The Court has jurisdiction over this proceeding pursuant to 28 U.S.C. § 1334. The proceeding is core under 28 U.S.C. § 157. Venue in this District of Delaware is proper pursuant to 28 U.S.C. § 1409.

FACTS1

Over three years ago, on November 22, 2013, the Debtors2 filed a petition for relief under chapter 11 of the Bankruptcy [121]*121Code (the “Petition Date”). The Debtors were founded in 2007 to design, assemble, and manufacture premium plug-in hybrid electric vehicles in the United States. Declaration of Marc Beilinson, D.I. 3 (“Beilin-son Decl.”) ¶ 5. By October 2011, the Debtors began delivering for sale to the public the centerpiece of their operations: the Karma sedan. Beilinson Decl. ¶¶ 13, 17. Around that same time, the Debtors were developing a second platform, the “N” or “Nina Platform,” to launch their second vehicle, the Atlantic sedan. Id. ¶ 18. To develop the Nina Platform, the Debtors entered into supply and service agreements with third-party vendors and suppliers, including BMW. Id. ¶ 18. The Debtors faced many difficulties that prevented them from operating as planned and caused them to seek bankruptcy relief, including safety recalls related to battery packs supplied by a third party vendor and the loss of their lending facility provided through the United States Department of Energy (“DOE”). Id. ¶¶ 5-12. The Debtors sold their assets with the Court’s approval and on July 28, 2014, the Court entered an order confirming the Debtors’ Plan. Through the Plan, the Debtors appointed the Trustee as their successor-in-interest and assigned to the Trustee all of their possible causes of action, including those against BMW.3

At issue are payments made pursuant to two agreements between Debtors and BMW (the “Parties”). In April 2011, the Parties entered into the Preliminary Development Agreement (the “Development Agreement”) “for the installation of BMW N26B20 engines with parts and components into a Fisker Nina vehicle ... for the purpose of securing the project’s milestones with the view of the conclusion of a final Purchase, Supply and Development Agreement.” Declaration of Samuel R. Howley, D.I. 16 (“Howley Decl.”) Ex. A ¶ 1. Three months later, on July 8, 2011 the Parties entered into the Purchase, Supply and Development Agreement (N20 4-Cylinder Gasoline Engines, Parts and Components) (as subsequently amended, the “Supply Agreement,” and together with the Development Agreement, the “Agreements”) for “the supply of BMW N20B20 engines [ ], other standard BMW Powertrain and chassis parts and components ... for use in the Nina.” Compl. ¶ 14; Howley Decl. Ex. B ¶ 1.1. In accordance with the sale of the Debtors’ assets in the bankruptcy case, in May 2014, the Debtors rejected the Supply Agreement.4

The Agreements recognize that BMW is a corporation organized under the laws of the Federal Republic of Germany with its principal place of business at Petuelring 130, 80809 Munich, Germany. Compl. ¶ 13. Further, in the Agreements, the Parties included provisions specifying that they are governed by German law and that Munich should be the exclusive place of jurisdiction. Howley Decl. Ex. A ¶ 8.7, Ex. B ¶ 22.2.

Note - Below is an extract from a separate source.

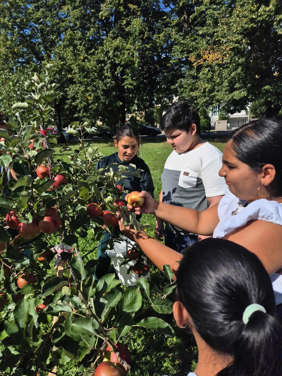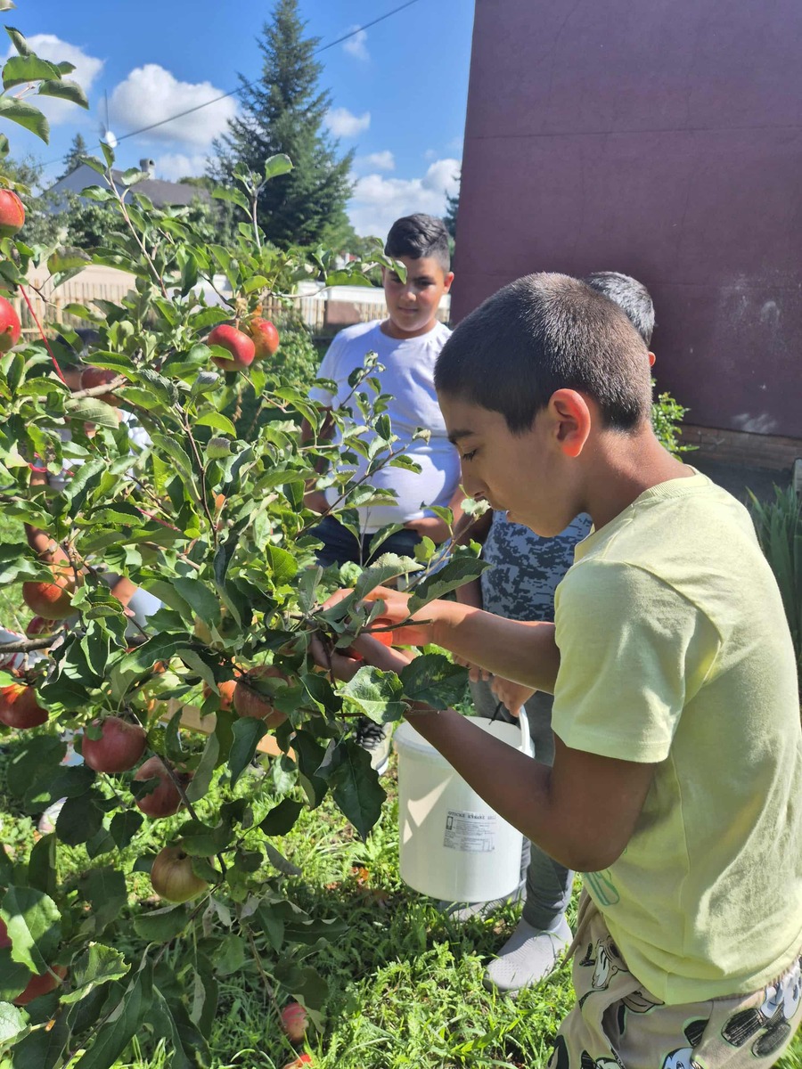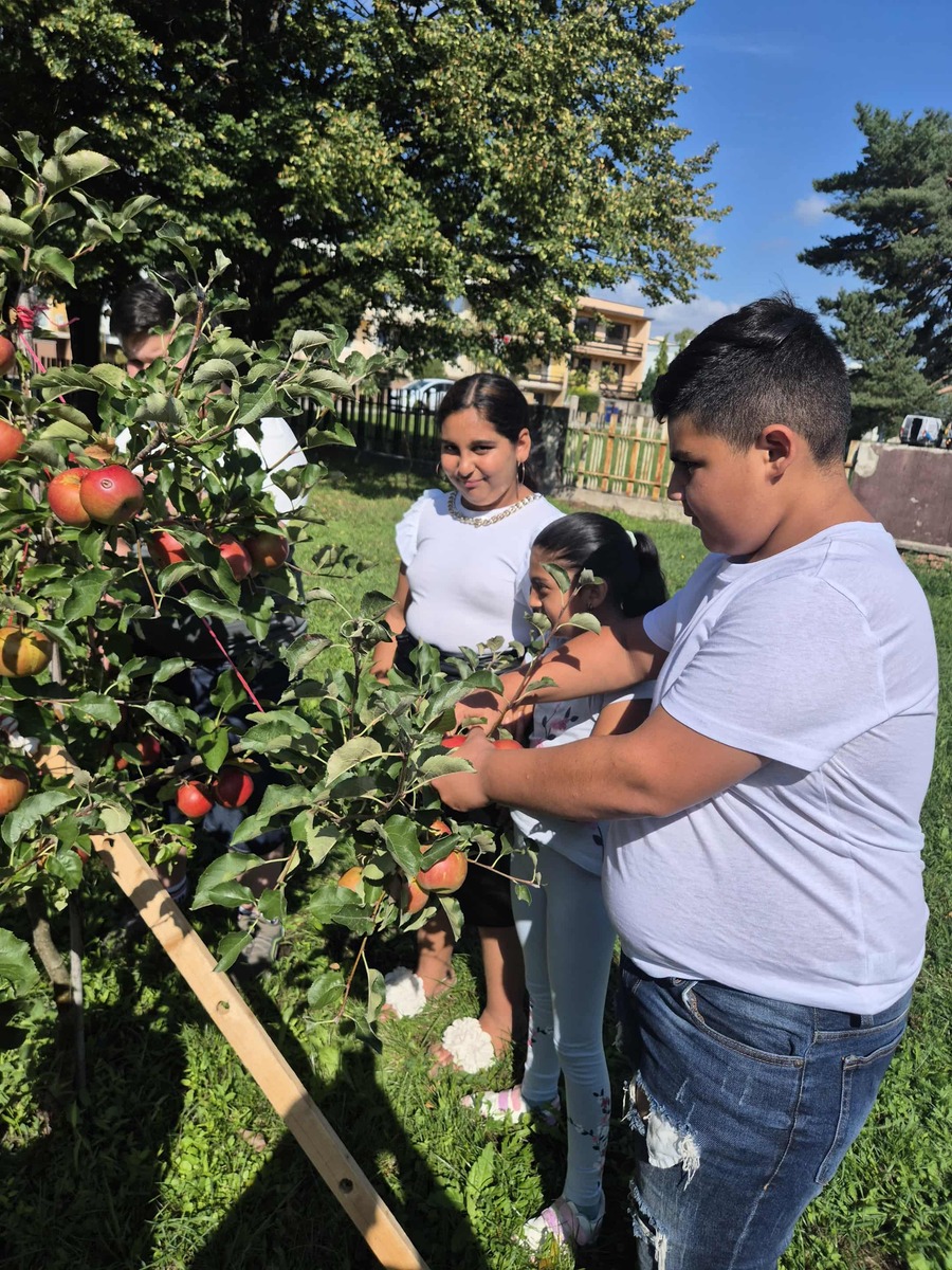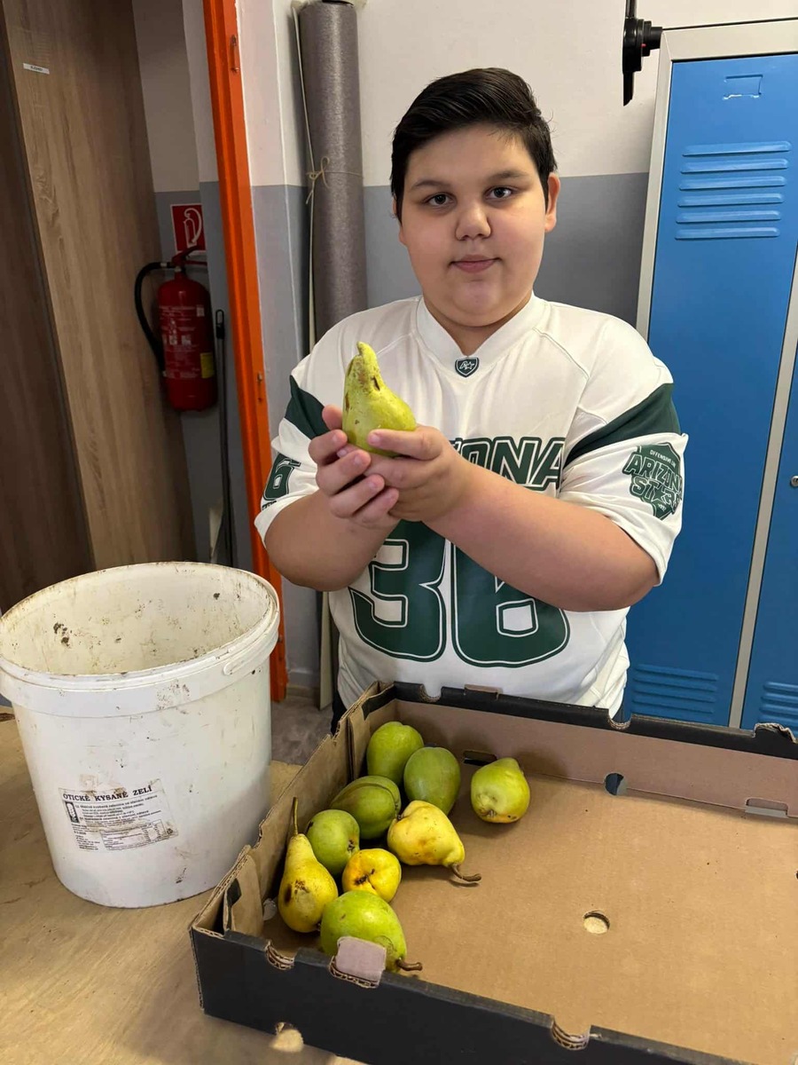 S radosťou môžeme povedať, že práve naše stromy nám priniesli prvé plody – chutné jablká a hrušky. Tieto plody sme pozbierali, pretriedili a spracovali – časť z nich sme ponúkli všetkým žiakom školy v rámci „Zdravej desiaty“, ďalšie sme nastrúhali a zamrazili pre neskoršie použitie pri varení a pečení. Niektoré jablká sme aj usušili, aby sme ich mohli využiť počas celého školského roka.

Pursuant to the Development Agreement, the Parties agreed that Debtors would pay BMW for its services in three tranches: (1) €150,000.00 at signing, (2) [122]*122€250,000.00 “after successful engine start-up in vehicle and test bench,” and (3) €300,000.00 on September 30, 2011. Id. Ex. A ¶ 6.2. Among other services required under the Development Agreement, BMW was to develop and deliver six prototype N26B20 engines and related parts. Id. Ex. A, Annex 3.

Pursuant to the Supply Agreement, Debtors would pay three, upfront, yearly installments of €22 million for a total of €66 million to BMW for expanding its production capacity as needed to manufacture 515,000 engines. Id. Ex. B, App. 5 ¶ 5.2.1. The upfront payments were to cover BMW’s “structural invest[ment], machining, tooling, [and] development costs” and were to be paid to BMW “regardless of the actual volumes attained.” Id. Ex. B, App. 5 ¶ 5.2.1. Also pursuant to the Supply Agreement, BMW “submitted to the direct oversight of, and agreed to make certain periodic reports to, the United States Department of Energy.” Compl. ¶ 4.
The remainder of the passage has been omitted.